Not a single tear was cried over my abuse — not during, not after, not ever. When I told a few trusted friends about my past, I emotionally separated myself and told it as a “long, long time ago this happened to me” story. My lack of tears convinced me I was OK. But deep down, I knew better. Hearing a city name awoke something inside of me I buried alive decades earlier. Pain.
I knew I needed to get to the root of my pain. After a conversation with my family, I googled this guy’s full name. I cried what I now call my “death cry” with what I uncovered.
My memories were true.
I wasn’t crazy.
My worst fears realized: This multimillionaire — a repeated sex offender — spent his entire life molesting children! Nothing stopped him. His wealth spared him. And the worst part was I wasn’t his only victim. His track record ripped through state lines like a tornado and left devastation in the hearts of many young boys and girls.
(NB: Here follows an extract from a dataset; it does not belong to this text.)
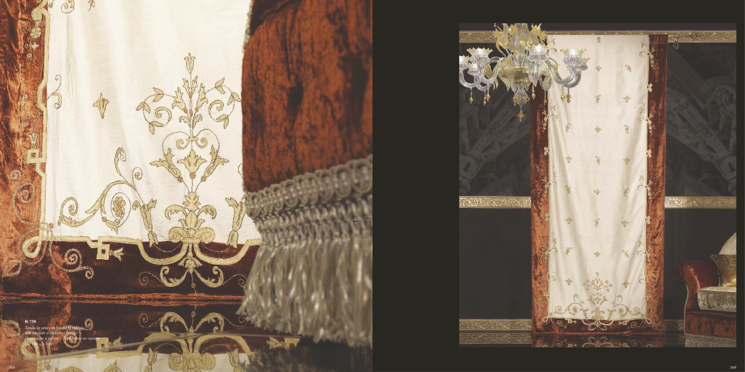 Silk curtain with velvet border,

Sorrow and outrage shook me to my core. I wanted to stand up for every child he had ever hurt. I also wanted to die. Now what? Clueless, I sobbed one minute and then walked around numb the next.
For some reason I needed to know if this monster was still alive, so I paid $13.95 to search site to find out. He was! Now in his early 80’s with health issues, he violated probation only a few years prior. Still a sick, sick man!
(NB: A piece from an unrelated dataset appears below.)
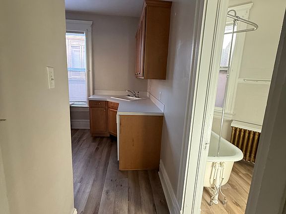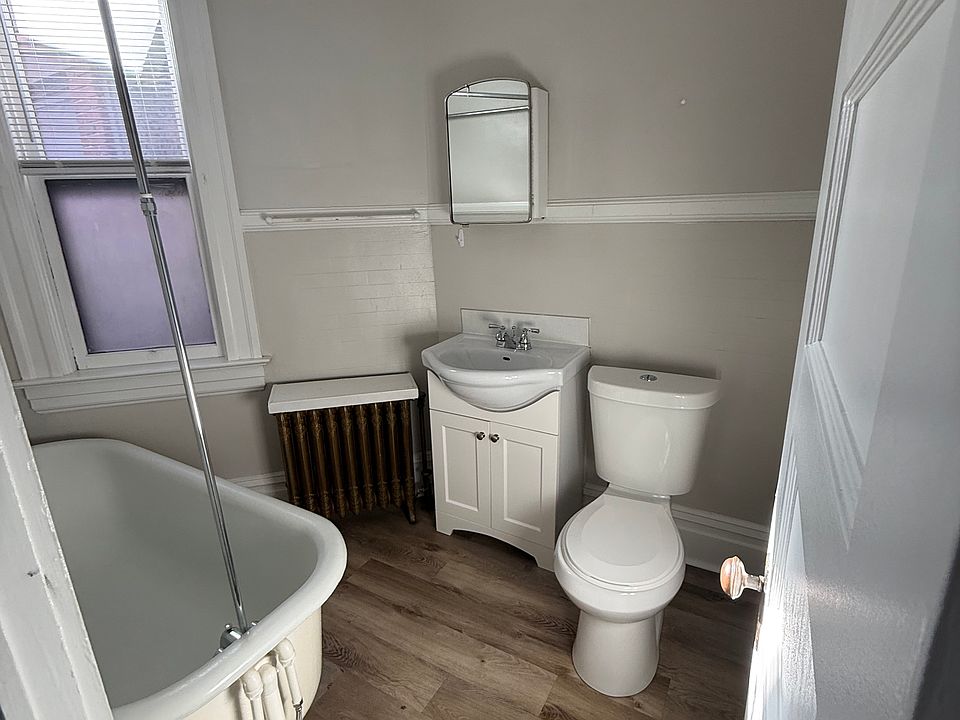 Beautiful historic building. Upstairs unit that has refinished hardwood floors and updated kitchen. All units have geo-thermal heat that is included in the rent, so no heat bills! Water, sewer trash is also included. There is recycling available on sight.

I had to make a decision. I couldn’t ignore my past any longer. I could either go after this creep once and for all — or let him go. Torn with emotions, I prayed, journaled, and talked with family and friends.
A few days later, I sat alone with my laptop and stared at a blank word document. Time to give this guy a piece of my mind. I prayed, took deep breaths, teared up, and started typing. At first I struggled to find words. What words are strong enough to describe what he did? None. After a page of sharing with him my experience and pain, I decided it was time to say I’m done. As I continued, I asked him hard questions. I even probed into what he might be thinking now as an old man about to meet his Maker. I told him what saved me from destroying myself: my faith in Jesus.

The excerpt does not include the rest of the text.